Forum Discussion
Steve_87971
Jul 19, 2012Nimbostratus
What should my proxy buffer low be?
Hi all,
I have a public IIS6 web application behind my 3900 series v10.2.3 LTMs. We currently use the built-in TCP LAN and WAN optimisation profiles with a couple of modifications.
I'd like to further optimise these profiles if possible to gain some performance improvement for our user base. Reading Jason's article here - https://devcentral.f5.com/Default.aspx?tabid=63&articleType=ArticleView&articleId=287 - the "Proxy Buffer High" and "Proxy Buffer Low" settings have caught my attention.
I understand that the proxy buffer high value should be set just higher than the maximum object size. This is fine as I can analyse my IIS logs to ascertain the biggest object size and set the value just a little higher than that.

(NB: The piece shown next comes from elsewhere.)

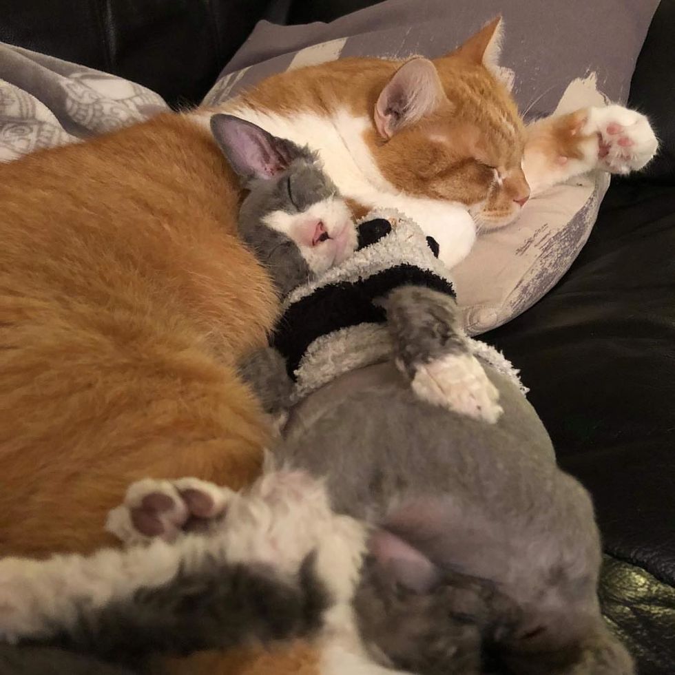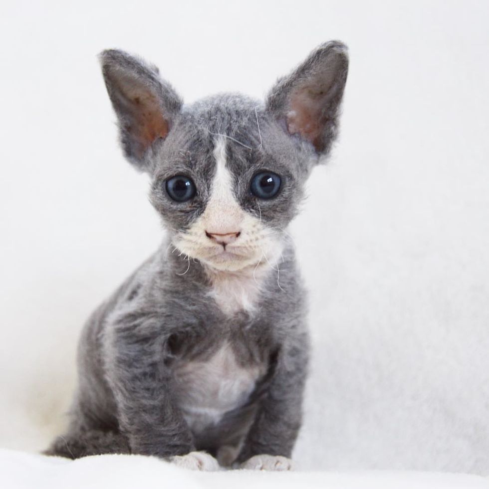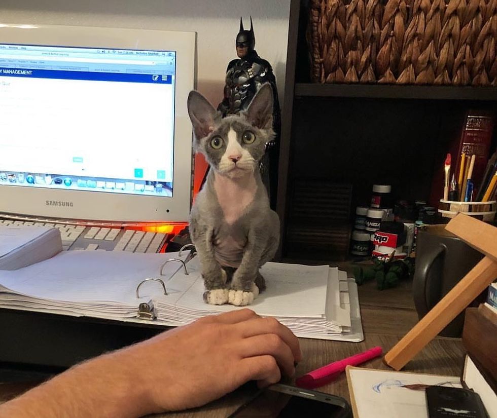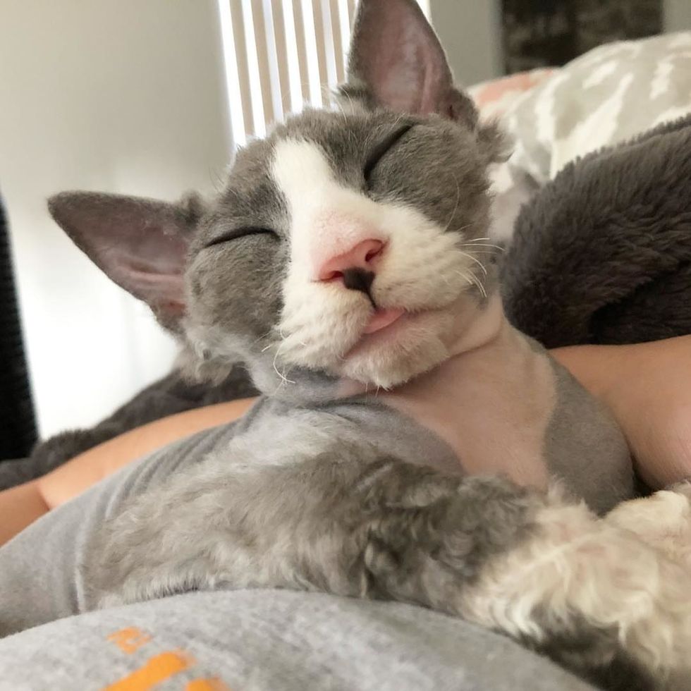 Amanda arrived at the shelter the next morning and was immediately told about the little family. "His mother was an FIV positive, long haired diluted tortie and three of his siblings were long haired as well but not Meeseeks," Amanda said. "He was what appeared to be a Devon Rex Mix."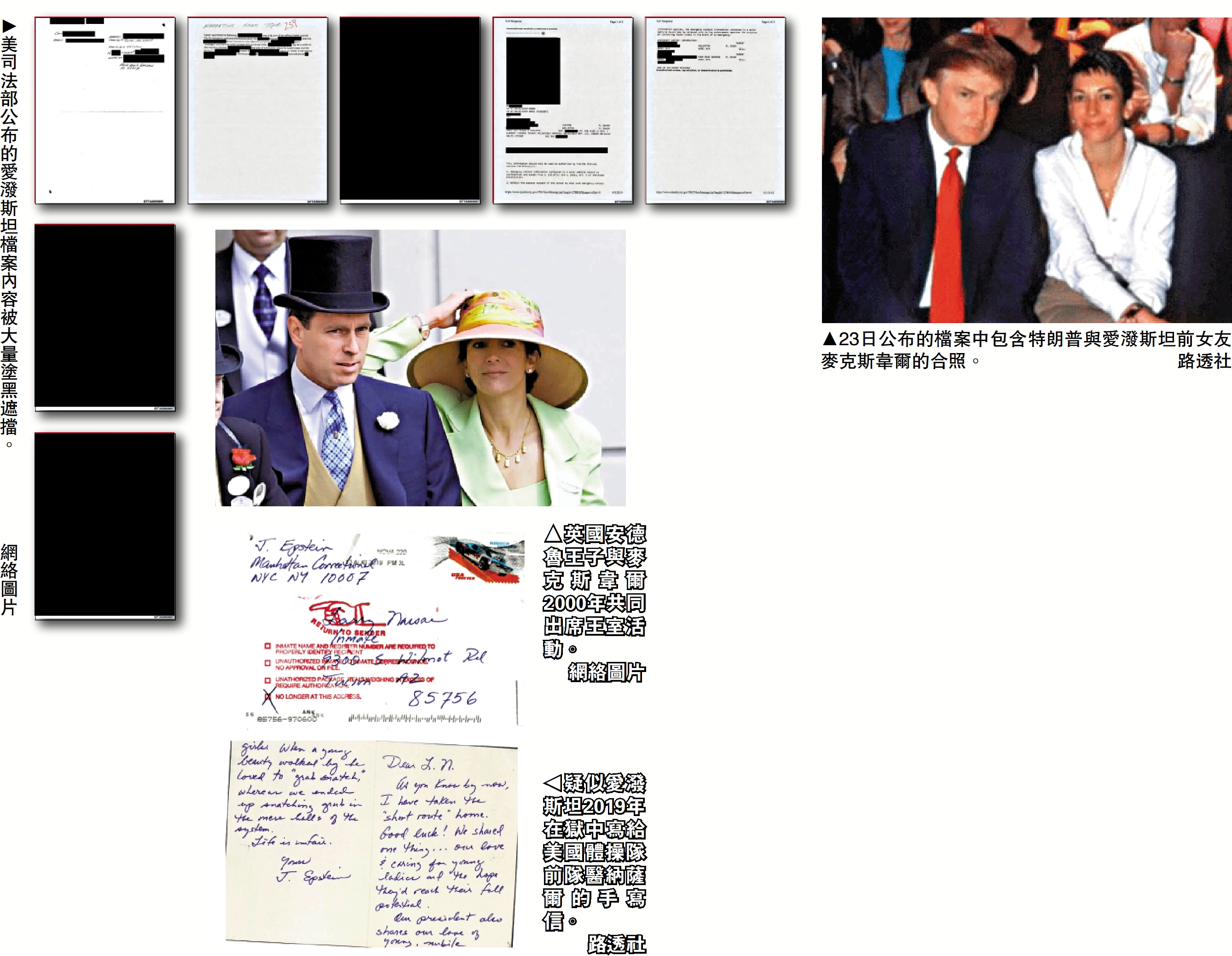 除涉及特朗普的內容外,23日公布的文件中還包括已被剝奪王室頭銜的英國安德魯王子疑似使用化名「隱形人」,給愛潑斯坦前女友兼共犯麥克斯韋爾發電郵,要求對方介紹「不正經的朋友」。

What I'm not so sure about is the best value for the proxy buffer low setting. The deployment guide for tuning OneConnect (http://www.f5.com/pdf/deployment-guides/oneconnect-tuning-dg.pdf) states that the proxy buffer low value = proxy buffer high - (N x server-side MSS) where N is the desired number of maximum-size packets on the server-side, and should not be lower than 75% of the proxy buffer high value.
Er, what is my desired number of maximum-size packets on the server side? The deployment guide uses 2x MSS but what drives this multiplier? I mean, I can't see any relationship to the number of nodes, so is it their capability or OS etc?
Or am I over-thinking all this and should instead just copy the deployment guide above and stick with 2x MSS?